- [TASK INSTRUCTIONS]:
From first line to last, transcribe the listing exactly and skip any image.

================================

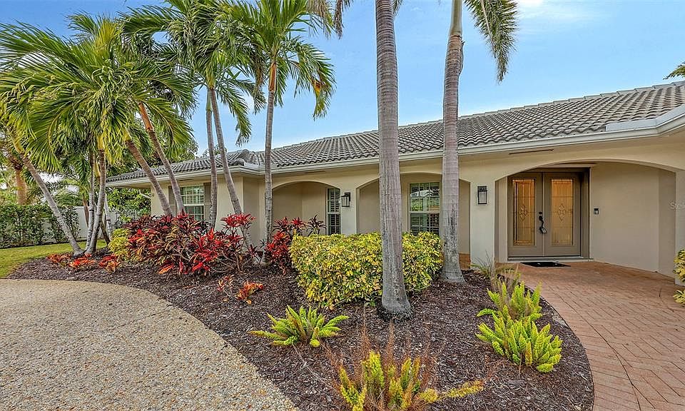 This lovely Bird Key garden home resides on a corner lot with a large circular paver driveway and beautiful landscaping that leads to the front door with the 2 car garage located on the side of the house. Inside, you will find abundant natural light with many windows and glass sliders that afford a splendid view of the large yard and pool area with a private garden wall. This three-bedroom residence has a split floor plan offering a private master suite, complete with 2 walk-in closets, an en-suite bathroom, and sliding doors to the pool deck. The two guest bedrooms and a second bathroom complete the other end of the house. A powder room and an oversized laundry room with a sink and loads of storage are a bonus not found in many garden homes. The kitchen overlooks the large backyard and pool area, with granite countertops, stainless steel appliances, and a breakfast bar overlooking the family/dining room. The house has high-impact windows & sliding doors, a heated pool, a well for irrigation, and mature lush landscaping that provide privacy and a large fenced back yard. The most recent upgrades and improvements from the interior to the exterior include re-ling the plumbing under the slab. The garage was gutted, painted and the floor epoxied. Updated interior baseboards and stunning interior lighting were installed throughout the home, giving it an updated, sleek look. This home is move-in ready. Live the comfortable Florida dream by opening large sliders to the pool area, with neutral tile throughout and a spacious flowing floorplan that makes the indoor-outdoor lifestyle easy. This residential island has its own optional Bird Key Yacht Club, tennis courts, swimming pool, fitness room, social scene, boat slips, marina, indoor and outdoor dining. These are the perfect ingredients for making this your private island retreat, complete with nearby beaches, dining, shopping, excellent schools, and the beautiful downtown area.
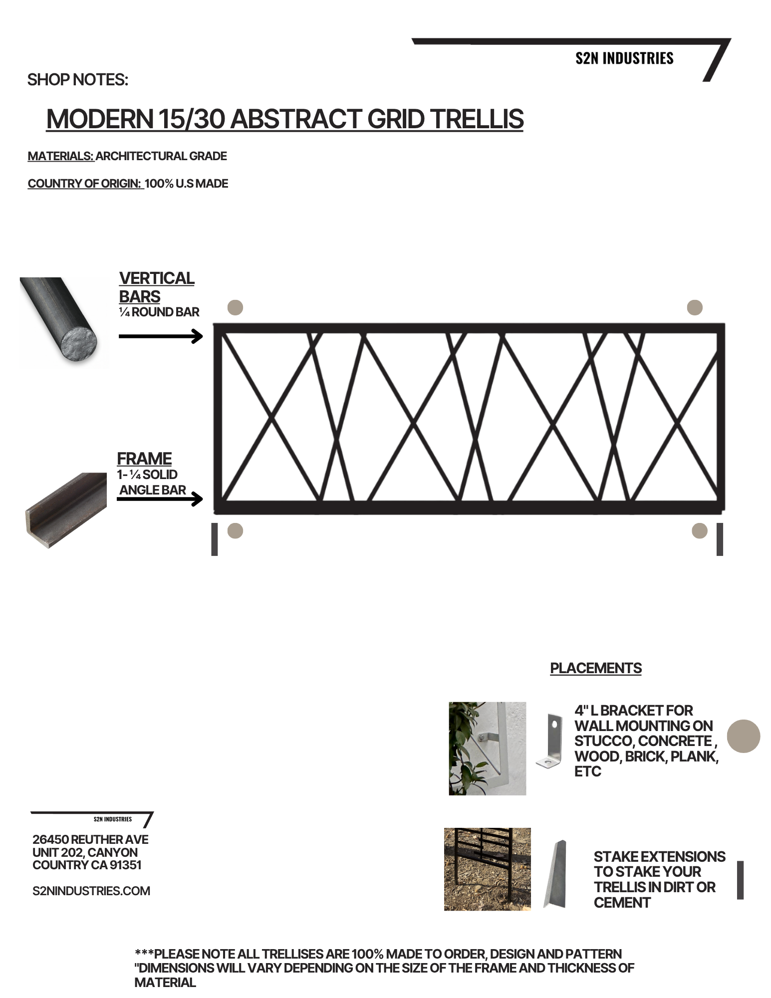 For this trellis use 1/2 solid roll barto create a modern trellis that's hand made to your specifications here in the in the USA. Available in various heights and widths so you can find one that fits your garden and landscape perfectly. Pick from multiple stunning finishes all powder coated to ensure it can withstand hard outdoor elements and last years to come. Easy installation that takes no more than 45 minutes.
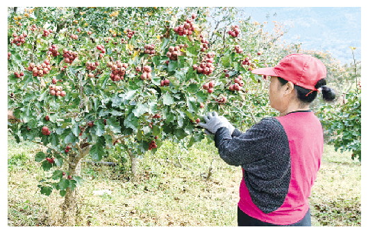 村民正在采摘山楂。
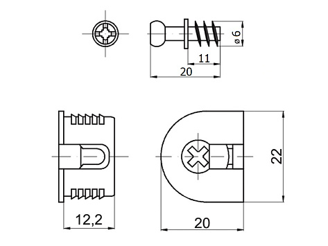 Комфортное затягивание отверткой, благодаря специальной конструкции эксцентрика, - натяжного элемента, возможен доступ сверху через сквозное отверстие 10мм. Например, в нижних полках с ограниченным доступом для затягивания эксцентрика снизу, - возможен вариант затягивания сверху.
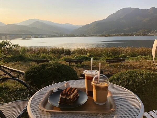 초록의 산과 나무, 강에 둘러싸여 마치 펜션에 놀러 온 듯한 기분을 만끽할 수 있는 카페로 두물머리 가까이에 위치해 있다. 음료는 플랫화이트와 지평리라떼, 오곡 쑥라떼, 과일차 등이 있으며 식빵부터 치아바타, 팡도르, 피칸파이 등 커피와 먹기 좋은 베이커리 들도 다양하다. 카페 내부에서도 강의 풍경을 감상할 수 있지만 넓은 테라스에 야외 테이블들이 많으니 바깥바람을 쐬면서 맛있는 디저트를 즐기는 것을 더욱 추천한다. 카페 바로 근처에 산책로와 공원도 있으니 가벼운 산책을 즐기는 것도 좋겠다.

================================

- [YOUR SOLUTION]:
 This lovely Bird Key garden home resides on a corner lot with a large circular paver driveway and beautiful landscaping that leads to the front door with the 2 car garage located on the side of the house. Inside, you will find abundant natural light with many windows and glass sliders that afford a splendid view of the large yard and pool area with a private garden wall. This three-bedroom residence has a split floor plan offering a private master suite, complete with 2 walk-in closets, an en-suite bathroom, and sliding doors to the pool deck. The two guest bedrooms and a second bathroom complete the other end of the house. A powder room and an oversized laundry room with a sink and loads of storage are a bonus not found in many garden homes. The kitchen overlooks the large backyard and pool area, with granite countertops, stainless steel appliances, and a breakfast bar overlooking the family/dining room. The house has high-impact windows & sliding doors, a heated pool, a well for irrigation, and mature lush landscaping that provide privacy and a large fenced back yard. The most recent upgrades and improvements from the interior to the exterior include re-ling the plumbing under the slab. The garage was gutted, painted and the floor epoxied. Updated interior baseboards and stunning interior lighting were installed throughout the home, giving it an updated, sleek look. This home is move-in ready. Live the comfortable Florida dream by opening large sliders to the pool area, with neutral tile throughout and a spacious flowing floorplan that makes the indoor-outdoor lifestyle easy. This residential island has its own optional Bird Key Yacht Club, tennis courts, swimming pool, fitness room, social scene, boat slips, marina, indoor and outdoor dining. These are the perfect ingredients for making this your private island retreat, complete with nearby beaches, dining, shopping, excellent schools, and the beautiful downtown area.
 For this trellis use 1/2 solid roll barto create a modern trellis that's hand made to your specifications here in the in the USA. Available in various heights and widths so you can find one that fits your garden and landscape perfectly. Pick from multiple stunning finishes all powder coated to ensure it can withstand hard outdoor elements and last years to come. Easy installation that takes no more than 45 minutes.
 村民正在采摘山楂。
 Комфортное затягивание отверткой, благодаря специальной конструкции эксцентрика, - натяжного элемента, возможен доступ сверху через сквозное отверстие 10мм. Например, в нижних полках с ограниченным доступом для затягивания эксцентрика снизу, - возможен вариант затягивания сверху.
 초록의 산과 나무, 강에 둘러싸여 마치 펜션에 놀러 온 듯한 기분을 만끽할 수 있는 카페로 두물머리 가까이에 위치해 있다. 음료는 플랫화이트와 지평리라떼, 오곡 쑥라떼, 과일차 등이 있으며 식빵부터 치아바타, 팡도르, 피칸파이 등 커피와 먹기 좋은 베이커리 들도 다양하다. 카페 내부에서도 강의 풍경을 감상할 수 있지만 넓은 테라스에 야외 테이블들이 많으니 바깥바람을 쐬면서 맛있는 디저트를 즐기는 것을 더욱 추천한다. 카페 바로 근처에 산책로와 공원도 있으니 가벼운 산책을 즐기는 것도 좋겠다.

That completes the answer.